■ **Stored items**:

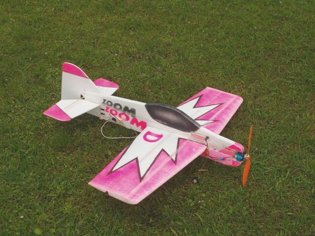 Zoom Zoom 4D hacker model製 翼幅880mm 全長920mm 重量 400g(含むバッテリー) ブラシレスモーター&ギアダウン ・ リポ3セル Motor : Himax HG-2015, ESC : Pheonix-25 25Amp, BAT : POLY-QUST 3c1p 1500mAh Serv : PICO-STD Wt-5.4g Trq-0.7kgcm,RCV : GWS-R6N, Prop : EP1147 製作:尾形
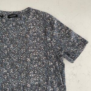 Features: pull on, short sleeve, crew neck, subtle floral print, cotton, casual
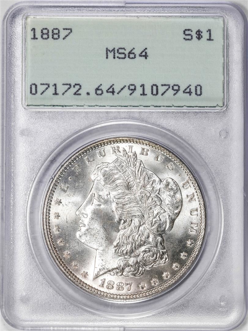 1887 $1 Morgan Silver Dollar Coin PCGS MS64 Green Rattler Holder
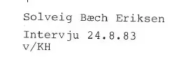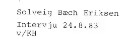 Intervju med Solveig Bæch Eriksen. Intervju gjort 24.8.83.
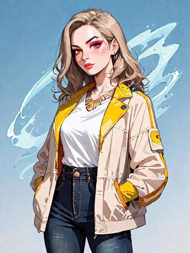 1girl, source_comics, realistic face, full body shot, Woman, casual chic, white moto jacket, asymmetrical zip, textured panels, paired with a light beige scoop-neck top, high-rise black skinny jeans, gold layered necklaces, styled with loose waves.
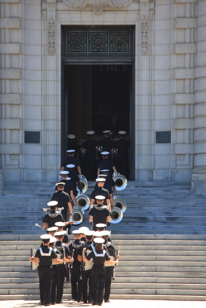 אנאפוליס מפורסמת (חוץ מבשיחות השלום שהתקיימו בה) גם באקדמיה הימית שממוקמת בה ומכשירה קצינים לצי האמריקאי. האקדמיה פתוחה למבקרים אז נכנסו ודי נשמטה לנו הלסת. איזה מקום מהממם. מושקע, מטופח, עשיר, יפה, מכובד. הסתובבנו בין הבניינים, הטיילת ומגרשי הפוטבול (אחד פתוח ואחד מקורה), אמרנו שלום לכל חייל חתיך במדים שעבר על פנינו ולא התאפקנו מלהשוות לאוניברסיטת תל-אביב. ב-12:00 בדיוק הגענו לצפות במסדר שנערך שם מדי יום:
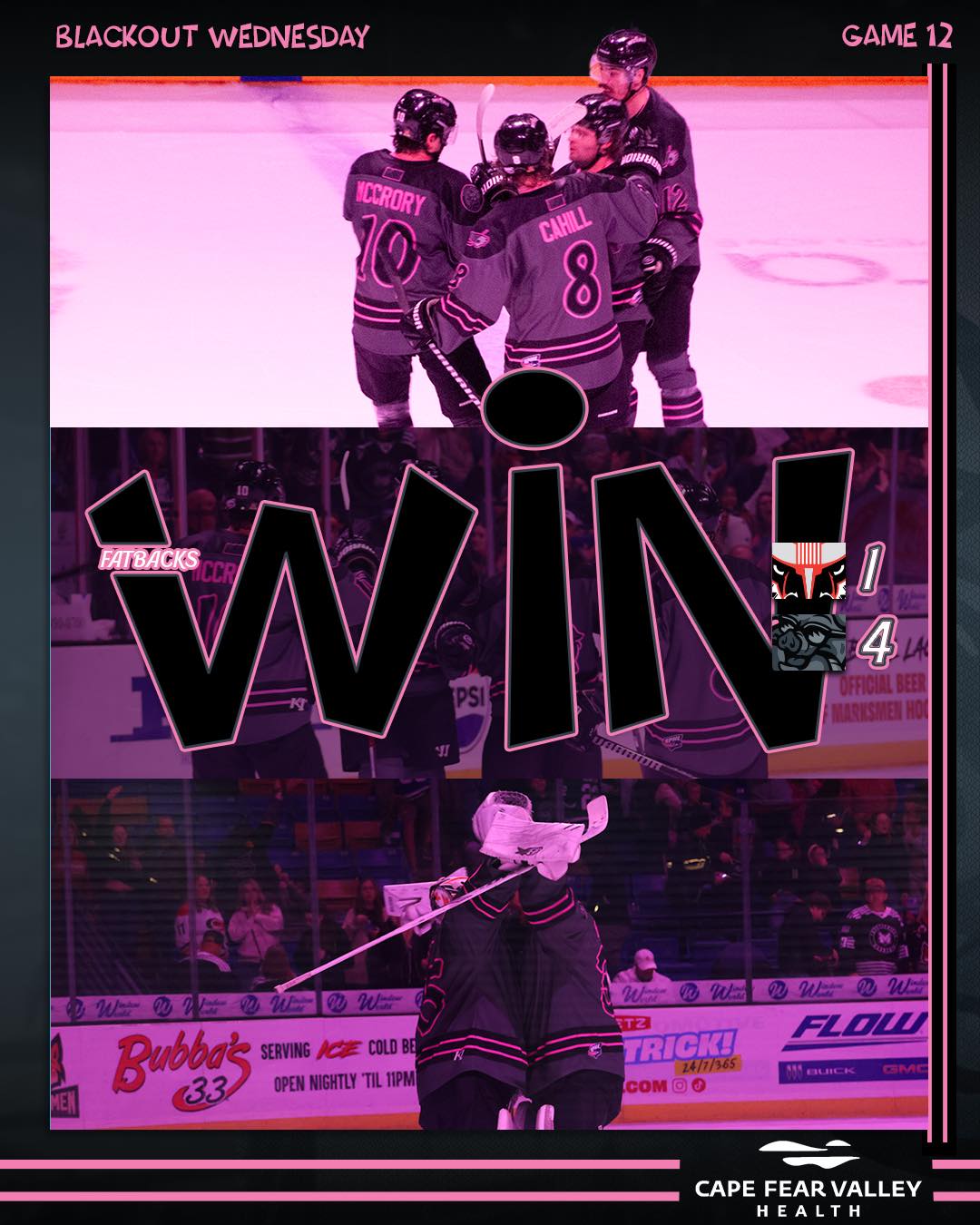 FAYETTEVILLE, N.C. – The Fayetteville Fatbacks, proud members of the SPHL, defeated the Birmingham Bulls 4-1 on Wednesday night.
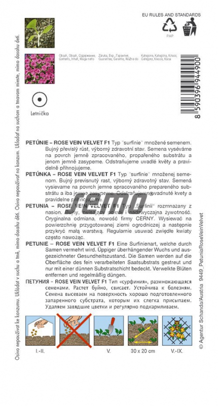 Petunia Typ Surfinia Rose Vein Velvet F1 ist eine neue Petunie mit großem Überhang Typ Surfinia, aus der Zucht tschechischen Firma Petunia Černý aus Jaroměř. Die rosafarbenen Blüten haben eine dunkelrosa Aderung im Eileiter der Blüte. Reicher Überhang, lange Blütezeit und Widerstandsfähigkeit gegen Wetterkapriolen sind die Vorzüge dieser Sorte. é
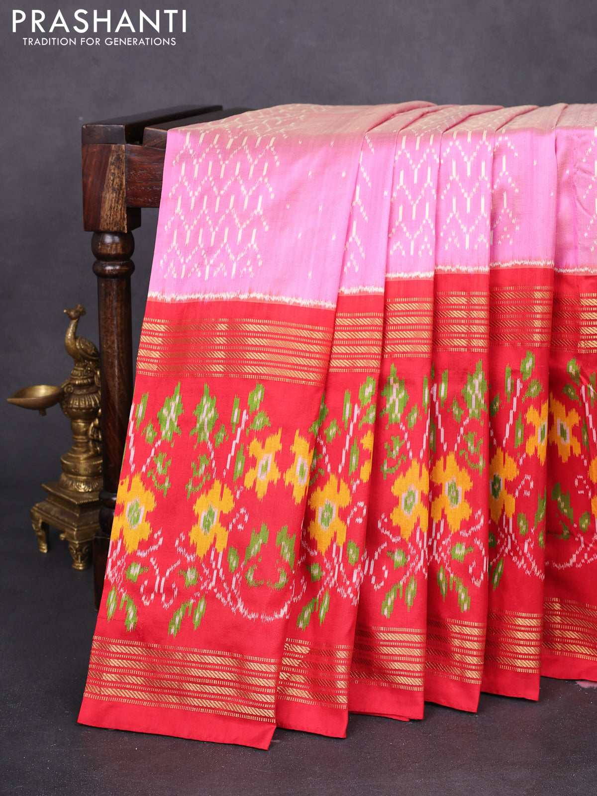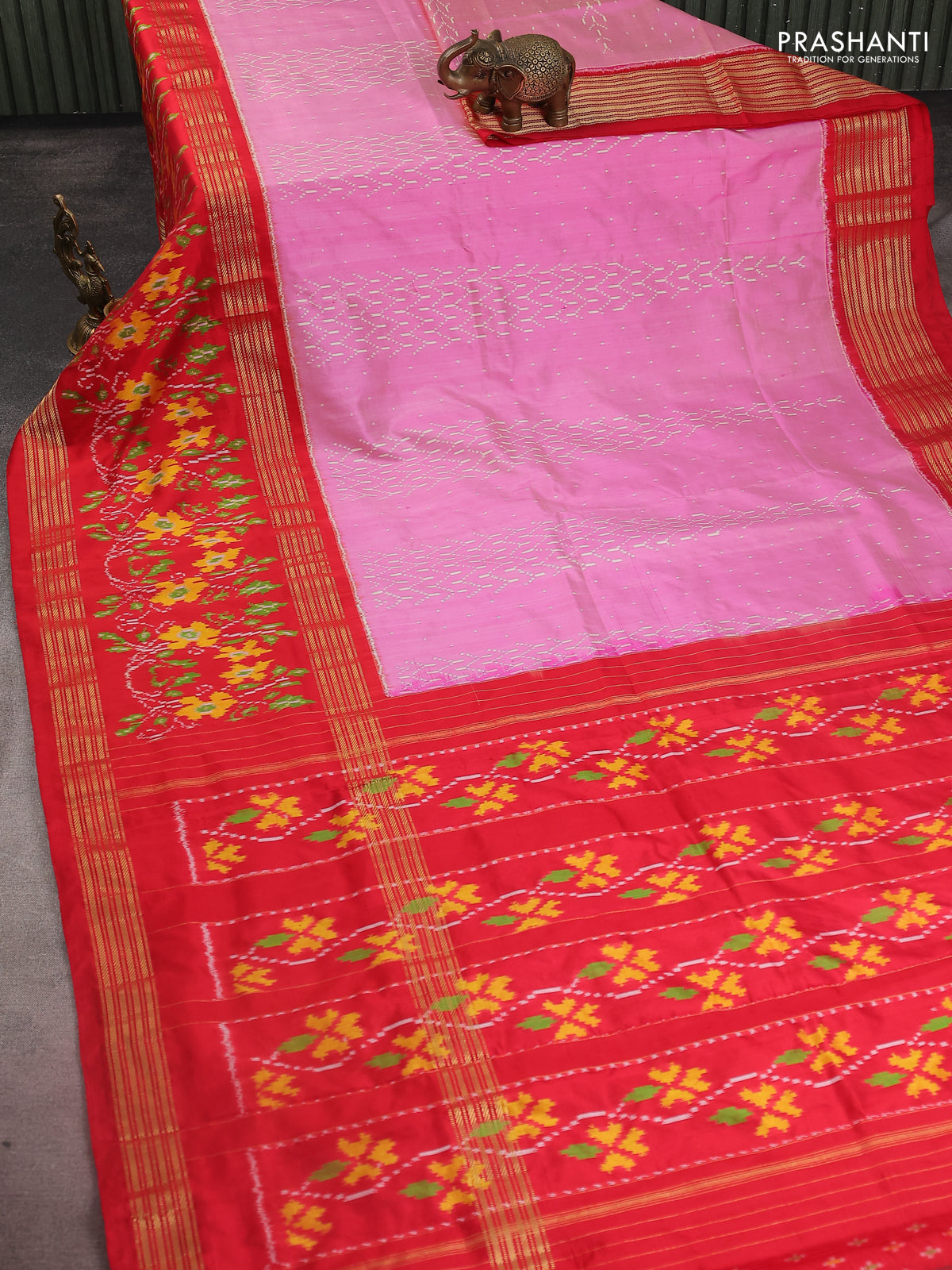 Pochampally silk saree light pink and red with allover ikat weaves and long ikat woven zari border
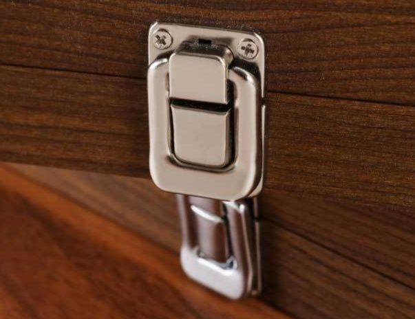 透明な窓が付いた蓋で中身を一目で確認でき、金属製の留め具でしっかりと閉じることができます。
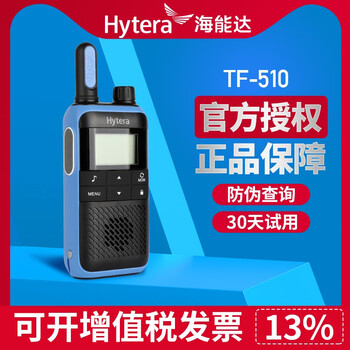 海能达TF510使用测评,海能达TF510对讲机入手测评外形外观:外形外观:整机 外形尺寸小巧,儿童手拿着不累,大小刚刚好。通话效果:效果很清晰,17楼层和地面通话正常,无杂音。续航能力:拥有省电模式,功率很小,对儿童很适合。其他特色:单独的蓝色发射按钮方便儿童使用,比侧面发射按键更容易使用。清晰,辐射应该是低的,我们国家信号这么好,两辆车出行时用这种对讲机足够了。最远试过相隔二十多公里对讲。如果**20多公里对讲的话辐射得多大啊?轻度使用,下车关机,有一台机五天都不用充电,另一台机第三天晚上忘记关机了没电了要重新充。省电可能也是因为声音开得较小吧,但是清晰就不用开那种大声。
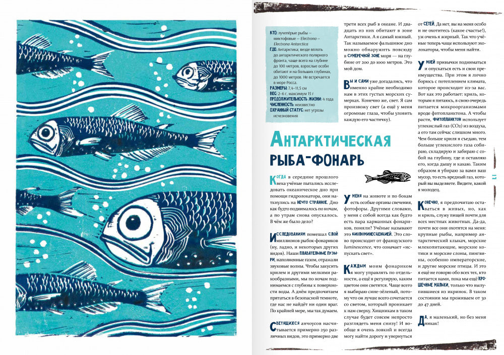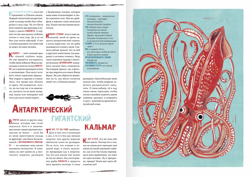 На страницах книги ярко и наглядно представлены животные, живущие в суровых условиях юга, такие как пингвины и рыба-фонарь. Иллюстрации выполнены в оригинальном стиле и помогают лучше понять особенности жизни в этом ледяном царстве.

■ **Problem**:
Write out exactly the lines above, from the very first through the line containing "Intervju med Solveig", both kept, with the pictures removed.

■ **Solution to this exercise**:
 Zoom Zoom 4D hacker model製 翼幅880mm 全長920mm 重量 400g(含むバッテリー) ブラシレスモーター&ギアダウン ・ リポ3セル Motor : Himax HG-2015, ESC : Pheonix-25 25Amp, BAT : POLY-QUST 3c1p 1500mAh Serv : PICO-STD Wt-5.4g Trq-0.7kgcm,RCV : GWS-R6N, Prop : EP1147 製作:尾形
 Features: pull on, short sleeve, crew neck, subtle floral print, cotton, casual
 1887 $1 Morgan Silver Dollar Coin PCGS MS64 Green Rattler Holder
 Intervju med Solveig Bæch Eriksen. Intervju gjort 24.8.83.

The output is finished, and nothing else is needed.